Package 'curtail'

Title: A package for test curtailment
Description: A package for creating and assessing the performance of curtailed tests. A curtailed test is a variable-length test, which allows for early stopping of item administration when further items are unlikely or unable to change the final (classification) decision. The package allows for creating and assessing deterministically and stochastically (based on empirical proportions) curtailed tests. In future versions of the package, model-based stochastic curtailment may be added. The package allows for test curtailment through the creation of look-up tables, providing item-specific cut-off values for early stopping of item administration.
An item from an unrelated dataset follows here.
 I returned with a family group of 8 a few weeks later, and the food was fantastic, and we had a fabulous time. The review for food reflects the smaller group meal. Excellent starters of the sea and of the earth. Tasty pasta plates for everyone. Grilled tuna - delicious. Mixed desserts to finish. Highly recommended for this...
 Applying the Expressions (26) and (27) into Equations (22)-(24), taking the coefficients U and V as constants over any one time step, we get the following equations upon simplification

In addition, the package allows for assessing efficiency (number of items administered to arrive at a final decision) and accuracy (concordance between the final decision based on curtailed and full-length test).
Authors: Marjolein Fokkema [aut, cre]
Maintainer: Marjolein Fokkema <[email protected]>
License: GPL-2
Version: 0.2
Built: 2026-05-27 08:51:47 UTC
Source: https://github.com/marjoleinF/curtail

Help Index


Simulate deterministic curtailment on item scores of a test

Description

Simulates deterministic curtailment on an existing dataset of item scores, based on a user-specified cut-off value.

Usage

Curtail(dataset.test, Xstar, highest = NULL, lowest = NULL, plot = TRUE)

Arguments

dataset.test

A dataframe containing item scores only.

Xstar

Cut-off value to be used for classifying observations as 'at risk' (test-score values greater than or equal to the cut-off value) or 'not at risk' (test-score values less than cut-off value)

highest

Highest possible item score. If not provided, function will take the max of all observed item scores.

lowest

Lowest possible item score. If not provided, function will take the min of all observed item scores.

plot

Should a histogram of test lengths be plotted?

Details

Note that currently, only items with the same number of response categories, and the same ordering of the response categories, are supported.
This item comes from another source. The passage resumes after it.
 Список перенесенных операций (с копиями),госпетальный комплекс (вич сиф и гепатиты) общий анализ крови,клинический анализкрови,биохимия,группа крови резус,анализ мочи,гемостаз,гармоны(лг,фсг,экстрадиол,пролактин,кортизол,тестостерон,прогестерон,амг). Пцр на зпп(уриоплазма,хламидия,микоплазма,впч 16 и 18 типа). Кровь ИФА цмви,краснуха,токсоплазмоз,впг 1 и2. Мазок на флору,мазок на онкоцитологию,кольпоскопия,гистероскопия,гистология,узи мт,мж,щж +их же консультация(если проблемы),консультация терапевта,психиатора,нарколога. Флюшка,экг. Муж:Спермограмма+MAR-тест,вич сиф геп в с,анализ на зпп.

The code is still under development and might change in future versions.

Value

The function prints accuracy estimates to the command line, and plots the curtailed test length distribution. In addition, the function invisibly returns a list with the following elements:

test.results

data.frame with columns full.lenght.decision (classification decsion according to full-length test); curtailed.decision (classification decision according to curtailed test administration); current.item (item at which testing was halted); current.score (cumulative testscore at item at which testing was halted).
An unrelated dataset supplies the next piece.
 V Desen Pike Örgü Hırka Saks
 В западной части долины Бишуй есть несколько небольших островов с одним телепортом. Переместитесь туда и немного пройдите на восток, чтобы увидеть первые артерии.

curtailed.test.length.distribution

Descriptive statistics of number of items administered and number of tests curtailed.

confusion.martrix

Confusion matrix of full-length and curtailed test classification decisions.

accuracy

Correct classification rate (accuracy), sensitivity and specificity.

References

Fokkema, M., Smits, N., Finkelman, M. D., Kelderman, H., & Cuijpers, P. (2014). Curtailment: A method to reduce the length of self-report questionnaires while maintaining diagnostic accuracy. Psychiatry Research 215, 477-482.

Fokkema, M., Smits, N., Kelderman, H., Carlier, I.V. & Van Hemert, A.M. (2014). Combining decision trees and stochastic curtailment for assessment length reduction of test batteries used for classification. Applied Psychological Measurement, 38(1), 3-17.

Finkelman, M.D., Smits, N., Kim, W. & Riley, B. (2012). Curtailment and stochastic curtailment to shorten the CES-D. Applied Psychological Measurement, 36(8), 632-658.

Examples

tmp <- Curtail(itemscores, 19)
  tmp$curtailed.test.length.distribution

Dataset for illustrating curtailment functions

Description

Dataset containing 1000 simulated responses to 20 items on a mental-health questionnaire. Items are scored 0, 1, 2 or 3. The dataset is used in the examples to illustrate the functions. Observations are classified as 'at risk' with a total score after admistration of item 20, equal to or greater than 19 (i.e., a cut-off score of 19 is used).

Examples

summary(itemscores)

Simulates stochastic curtailment on item scores of a test

Description

Simulates stochastic curtailment on an existing test dataset of item scores, based on an existing training dataset of item scores, and a user-specified cut-off value.

Usage

stochCurtail(dataset.train, dataset.test = NULL, Xstar, gamma0=.95, 
  gamma1=.95, plot = TRUE)

Arguments

dataset.train

A dataframe, containing item scores only, which will be used to derive the probabilities of obtaining a final test score greater than, or equal to, the cut-off value, based on the current cumulative score

dataset.test

A dataframe containing item scores only. Curtailment will be simulated on these observations. When no test dataset is specified, curtailment will be simulated on the training dataset.

Xstar

Cut-off value to be used for classifying observations as 'at risk' (test-score values greater than or equal to the cut-off value) or 'not at risk' (test-score values less than cut-off value)

gamma0

The threshold for the probability, calculated using the 'not-at-risk' training observations, that the classification decision based on the stochastically curtailed version will match that of the full-length instrument.

gamma1

The threshold for the probability, calculated using the 'at-risk' training observations, that the classification decision based on the stochastically curtailed version will match that of the full-length instrument.

plot

Should a histogram of test lengths be plotted?

Details

The code is still under development and might change in future versions.

Value

The function prints accuracy estimates to the command line, and plots the curtailed test length distribution. In addition, the function invisibly returns a list with the following elements:

test.results

data.frame with columns full.lenght.decision (classification decsion according to full-length test); curtailed.decision (classification decision according to curtailed test administration); current.item (item at which testing was halted); current.score (cumulative testscore at item at which testing was halted).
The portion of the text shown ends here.